Matteo Bandello (French: Mathieu Bandel; c. 1480 – 1562) was an Italian writer, mostly known for his novellas.

Matteo Bandello was born at Castelnuovo Scrivia, near Tortona (current Piedmont), c. 1480. He received a good education, and entered the church, but does not seem to have been very interested in theology. For many years he lived at Mantua and Castel Goffredo, and superintended the education of the celebrated Lucrezia Gonzaga, in whose honour he composed a long poem. The decisive Battle of Pavia, as a result of which Lombardy was taken by the emperor, compelled Bandello to flee; his house at Milan was burnt and his property confiscated. He took refuge with Cesare Fregoso, an Italian general in the French service, whom he accompanied into France.

He was later raised to the bishopric of Agen, a town in which he resided for many years before his death in 1562. Bandello wrote a number of poems, but his fame rests entirely on his extensive collection of Novelle, or tales (1554, 1573), which have been extremely popular. They belong to the same genre as Boccaccio’s Decameron and Marguerite de Navarre’s Heptameron. The common origin of them all is to be found in the old French fabliaux, though some well-known tales are evidently Eastern, and others classical. Bandello’s novellas are thought the best of those written in imitation of the Decameron, though Italian critics find fault with them for negligence and inelegance of style.

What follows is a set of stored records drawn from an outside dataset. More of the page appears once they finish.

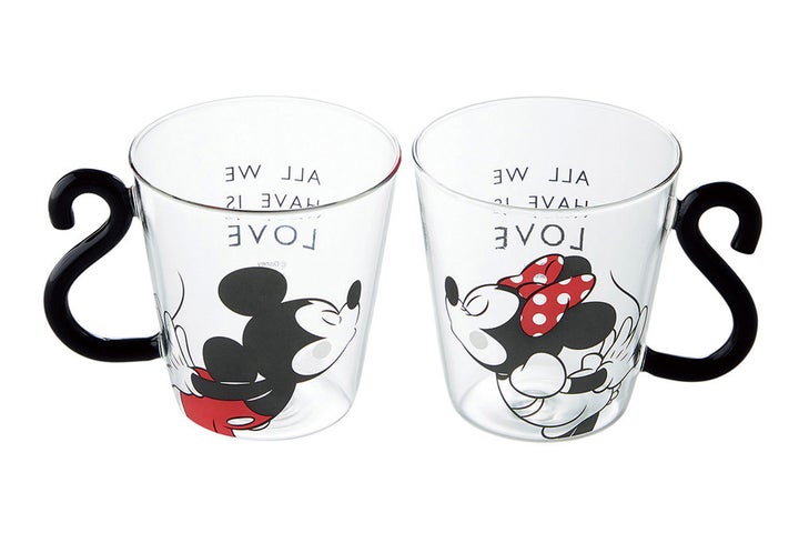 商品にはミッキーカラーの本体やミッキーフォルムの取手、ミッキー&ミニーのステッカーが含まれています。
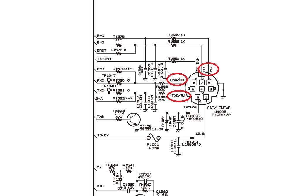 съветвам Ви първо да проверите дали изобщо излиза нещо на CAT-пиновете на конектор J1006 и ако да - какво е то, за да се уверим първо в какъв режим е Q1049. за целта е най-добре (безопасно) да се използва съответния мъжки MINI DIN 8 накрайник със запоени на него кабели към пинове:
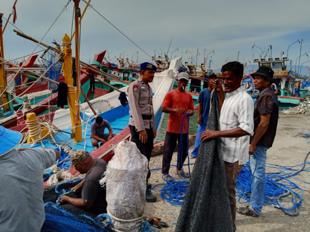 LHOKSEUMAWE – Personel Sat Polair sambangi Nelayan di PPI Pusong lama, Kecamatan Banda Sakti, Kota Lhokseumawe wilayah hukum Polres Lhokseumawe, rabu (14/8/2024) pagi.

The stories on which William Shakespeare based several of his plays (Much Ado about Nothing, Romeo and Juliet and Twelfth Night in particular) were supplied by Bandello, probably through Belleforest and Pierre Boaistuau whose stories were later translated into English by William Paynter and included in his The Palace of Pleasure. Another of his stories includes "The countess of Cellant", a distortion of Challand, a northwest region of Italy.